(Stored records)

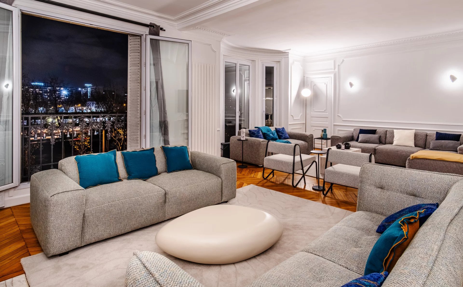 Avec une vue imprenable sur la tour Eiffle, dans un magnifique immeuble en pierre de taille construit en 1925, au 3eme étage avec ascenseur. 22Estate vous propose un appartement d'exception loué meublé entièrement rénové et climatisé, donnant sur les quai de seine et offrant une vue sublime sur la Tour Eiffel. Cet appartement se compose : d'une galerie d'entrée,ouverte sur la salle à manger d'un double séjour avec balcons vue Tour Eiffel et sur la seine, d'une cuisine aménagée et totalement équipée, de quatres trois chambres dont 3 masterbedrooms avec dressing plus une quatriere chanre avec sa salle debain atenante, un toilet invité complete le bien.
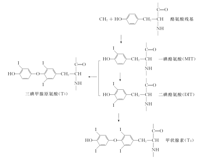 图5-30 甲状腺素的合成
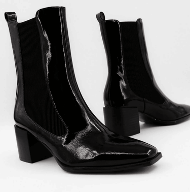 ZELLA is a modern update for '60s Chelsea boots. Featuring elasticated side panels and pull straps for an easy slip-on, these boots are set on a stacked high heel. Wear yours with cropped dresses or skirts.
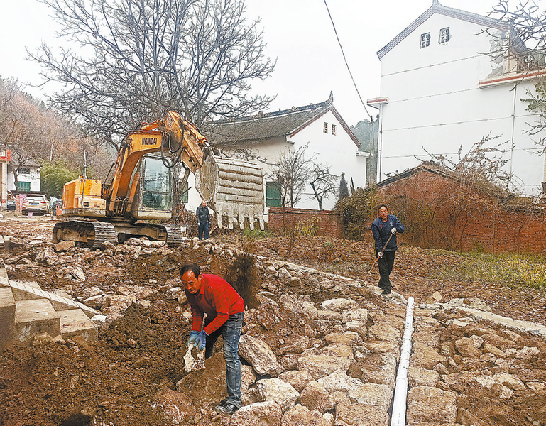 洛南县四皓街道马河村董王沟产业路于今年10月开工,长1100米,预计12月底前竣工投用。该条产业路的建成,将带动马河村林麝基地700多头林麝产业的可持续发展,年收入可达1100万元,以产业发展助力乡村振兴。图为12月11日,工人正在平整路基。
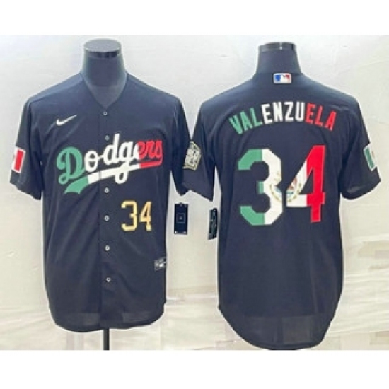 Men's Los Angeles Dodgers #34 Fernando Valenzuela Black Mexico Limited Stitched Baseball Jersey
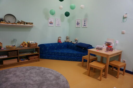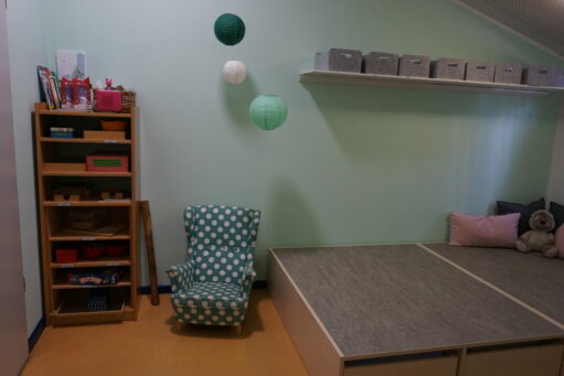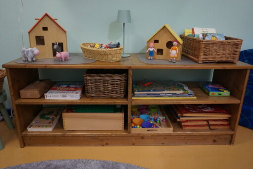 Hier findet eine kleine Gruppe von Kindern in ruhiger Atmosphäre verschiedene Spielangebote vor. Es kann gepuzzelt, mit Legematerial, mit kleinen Gesellschaftsspielen und Baumaterialien gespielt werden. Kleine Püppchen, Häuser und Tiere laden zum Rollenspiel ein. In einer Bücherkiste finden die Kinder Vorlesegeschichten und Bilderbücher.
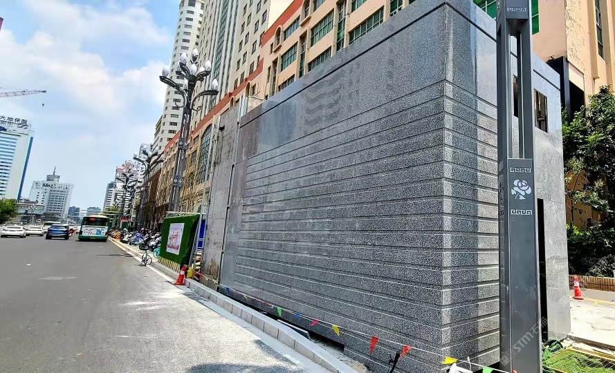發(fā)布信息: 昆明地鐵1號(hào)線(xiàn)西北延線(xiàn)室外出入口,地面石材采用白麻火燒面鋪設(shè),墻面石材灰麻光面鋪設(shè)

* TASK
Reproduce exactly, and only, the lines that begin at the one containing "Hier findet eine" and end with the final line of the data, both included, while omitting every picture.

* EXERCISE SOLUTION
 Hier findet eine kleine Gruppe von Kindern in ruhiger Atmosphäre verschiedene Spielangebote vor. Es kann gepuzzelt, mit Legematerial, mit kleinen Gesellschaftsspielen und Baumaterialien gespielt werden. Kleine Püppchen, Häuser und Tiere laden zum Rollenspiel ein. In einer Bücherkiste finden die Kinder Vorlesegeschichten und Bilderbücher.
發(fā)布信息: 昆明地鐵1號(hào)線(xiàn)西北延線(xiàn)室外出入口,地面石材采用白麻火燒面鋪設(shè),墻面石材灰麻光面鋪設(shè)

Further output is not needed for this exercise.